# Fido $15 Value Pack work with iPhone?



## satchmo (May 26, 2005)

Perhaps this has already been discussed but has anyone tried to simply add a cheap $15 value pack for unlimited surfing?

http://fido.ca/web/content/options/valuepacks


----------



## Flipstar (Nov 7, 2004)

WAP sucks.

How it works

The WAP browser on your Fido provides a slimmed down version of the Internet. WAP sites have been designed without any complex graphics or large images that may slow you down. It’s ideal for any type of text information you need right away.


----------



## satchmo (May 26, 2005)

Okay, don't know what WAP is...but why do I have to use the Fido browser? 
Isn't a connection all I need for me to use Safari?


----------



## aaron (Jul 17, 2003)

Hey there,
When I originally bought my first iphone in January, Fido explicitly recommended the $7 unlimited plan for me: this was unlimited EDGE data, and it worked as advertised. However, about three weeks before the official iPhone launch here, I received my monthly statement, which showed that they were now charging me by the KB. A call revealed that they'd changed their policy. Frakers.

Think of WAP as the Internet, but a walled garden thereof. It's a way to containerize the amount of data that gets pushed to your phone, because they are extremely low-bandwidth. Hence their being cool with charging $7/month.

Cheers,
Aaron.


----------



## fyrefly (Apr 16, 2005)

The $7 Unlimited Surfing option on Fido definitely *does not* work with the iPhone.

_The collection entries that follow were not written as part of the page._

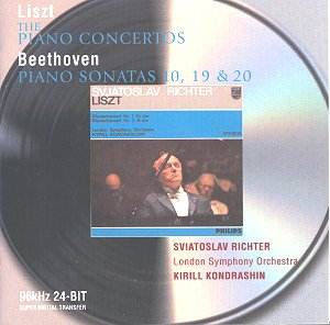 This famous Liszt coupling presents the demonic genius of Richter as he first flashed upon the Western world. The technical address is hair-raising at times, as he flings massive volcanic energy out of his instrument (with never a trace of hardness in the tone, note). But he can also be delicate and brings the most exquisite poetry to the more intimate passages, especially in the A major. Above all, he is fiercely committed to the music, the virtuosity is only a means to an end. Given a like-minded conductor these must be among the greatest performances the concertos have ever had. The recording is still fairly acceptable - just a touch strident in the orchestral tuttis and the solo string musings in the A major are too closely miked.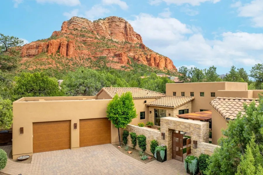 This meticulously crafted Mystic Hills residence seamlessly blends the splendor of nature, contemporary architecture & fantastic Red Rock views of Elephant Rock, Cathedral Rock & more. Built in 2014-this home highlights: exquisite finishes, unmatched amenities, framed RR views, privacy & features a 2495 Sq Ft main residence + a 352 Sq Ft Casita/Studio, 4 BR, 3.5 BA & includes the adjacent parcel, approx. .95 acres in total. The privacy is enhanced via the three gorgeous courtyards, creating the feeling of a luxuriant enclave. Every corner of this home has been thoughtfully designed, from the expansive floor to ceiling windows, natural stone walls & designer fixtures. Impressive quality throughout! This one-of-a-kind home is straight from the pages of a magazine. See the supplemen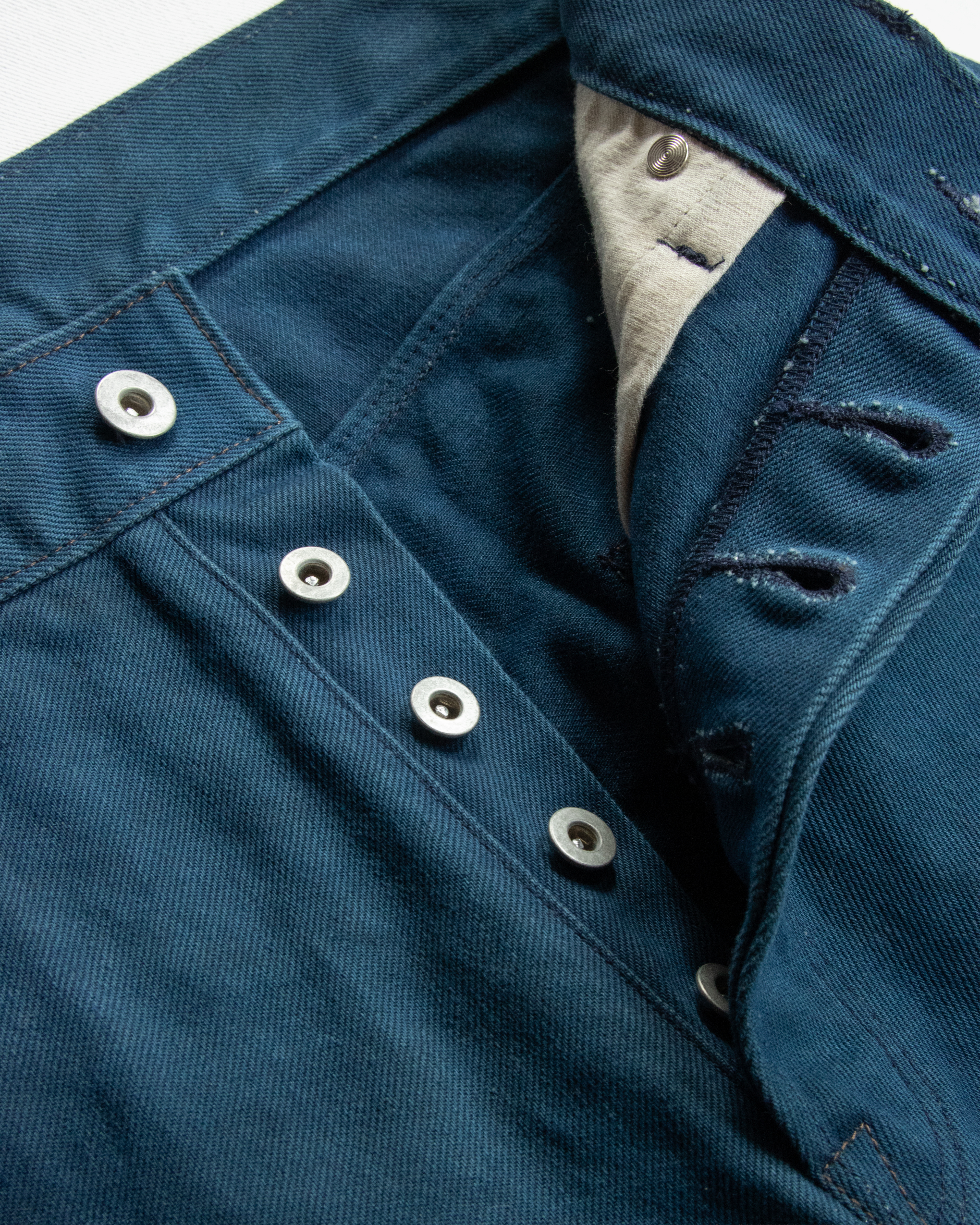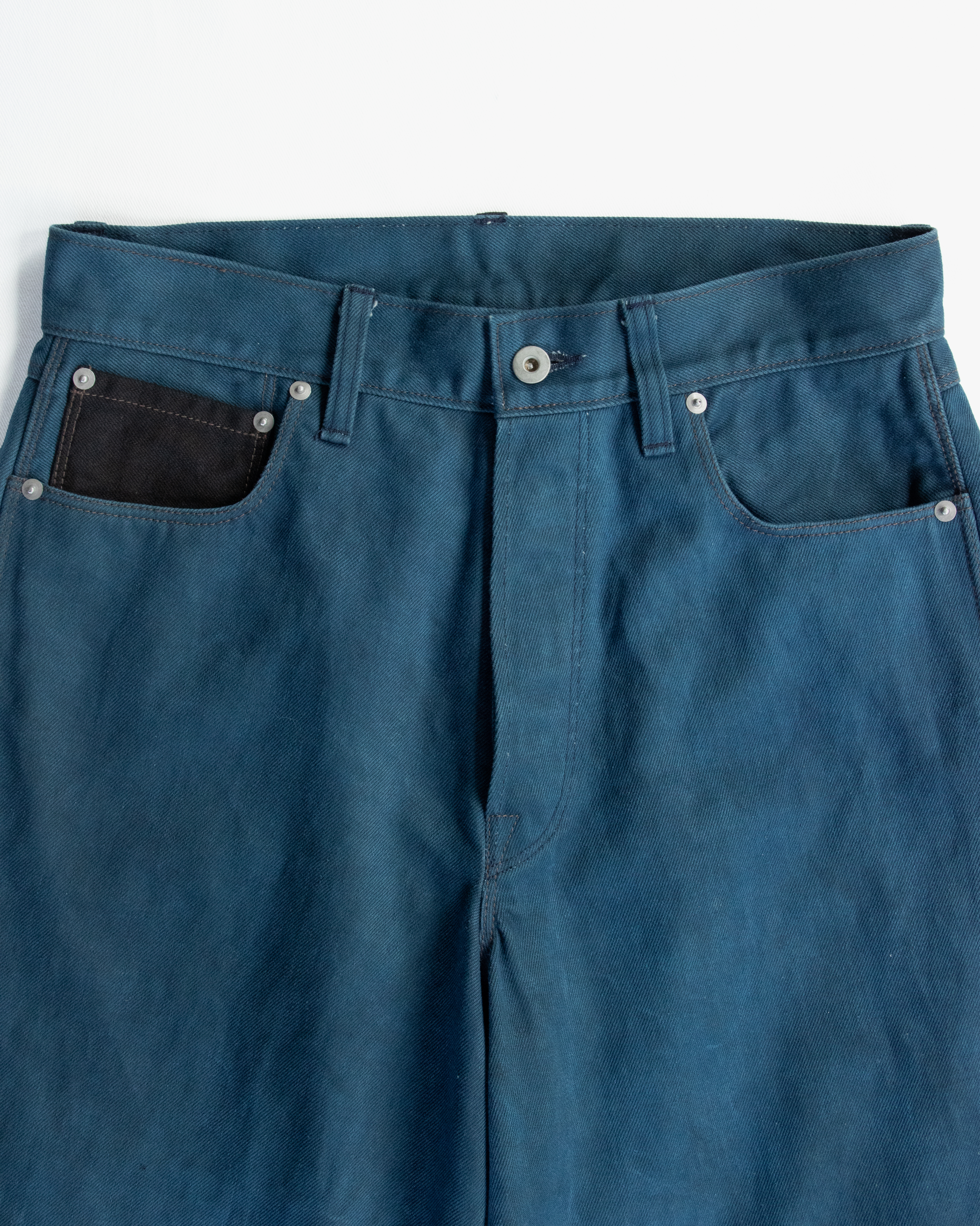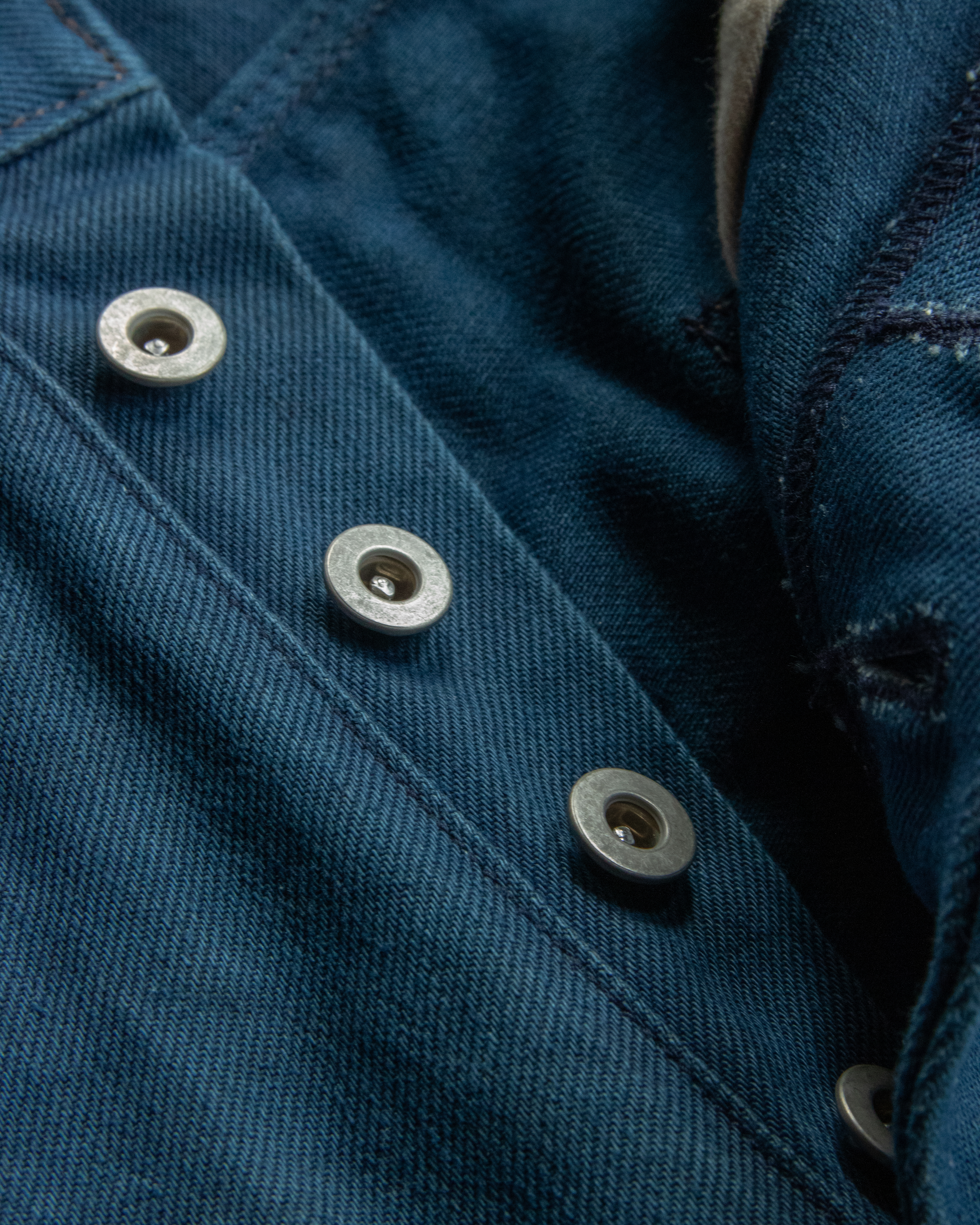 コインポケットと後ろベルトループのみ黒色を使用しているのでボディの墨藍との経年変化を楽しんでもらいたいです。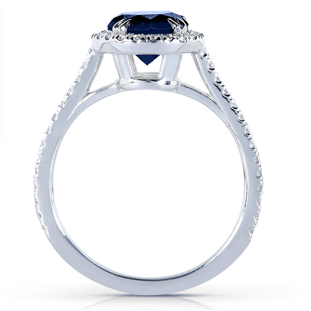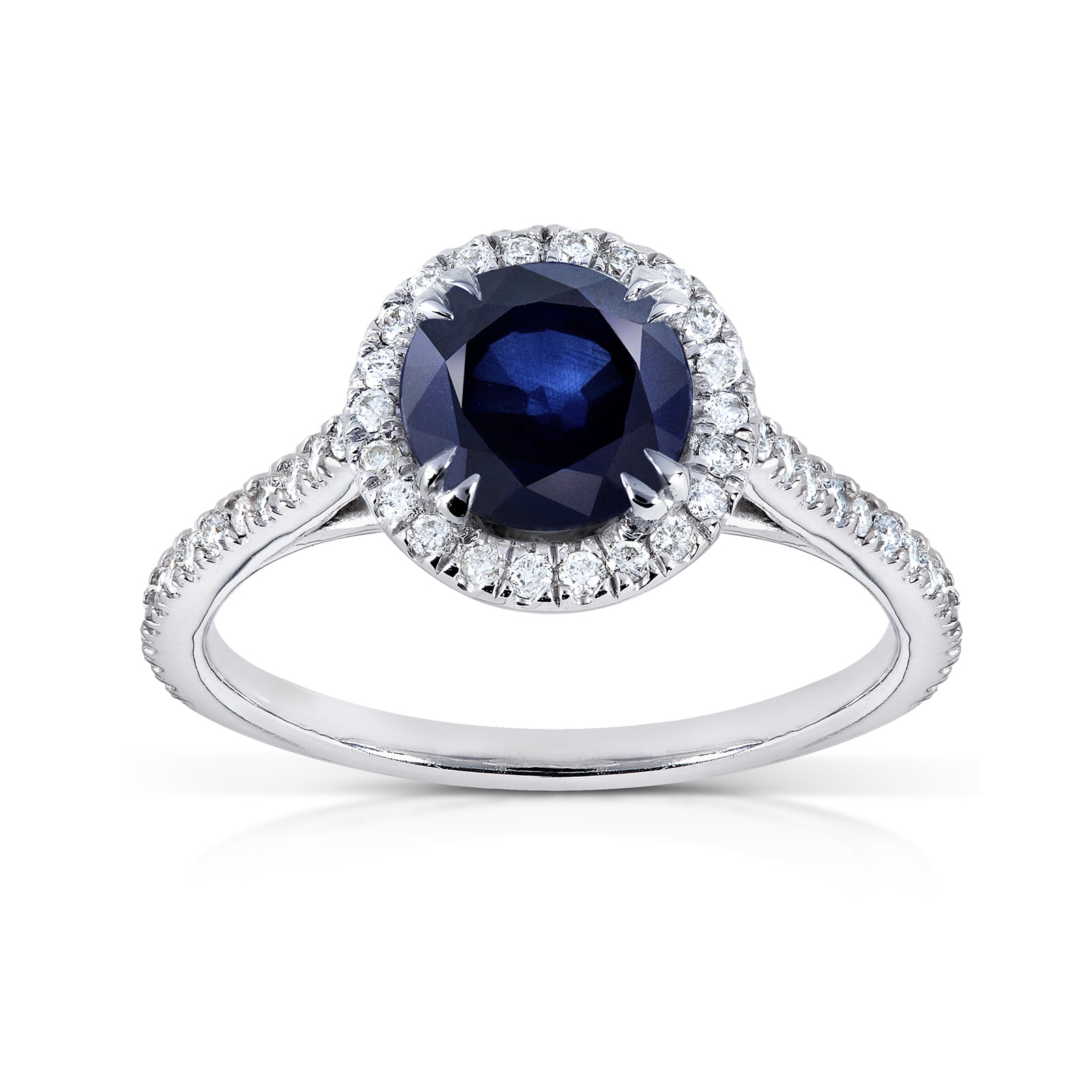 Round Blue Sapphire Diamond Halo Engagement Ring 1 1/2ct (ctw) in 14k White Gold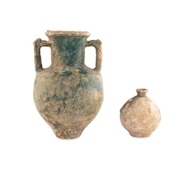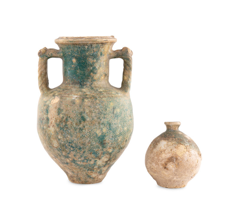 A Parthian Glazed Pottery Amphora and a Parthian or Sassanian Turquoise Glazed Pottery Vase

Even if you have the option - if you use data on your device, you will be charged $0.05/KB - which means you could get dinged $5 or so, just for checking e-mail.

Use one of the Data plans that are impossible to find on FIDO's site ($30/300MB) which are month to month.

Or get the $30/6GB plan that requires a 3-yr Data Contract ($100 Early Cancellation Fee).


----------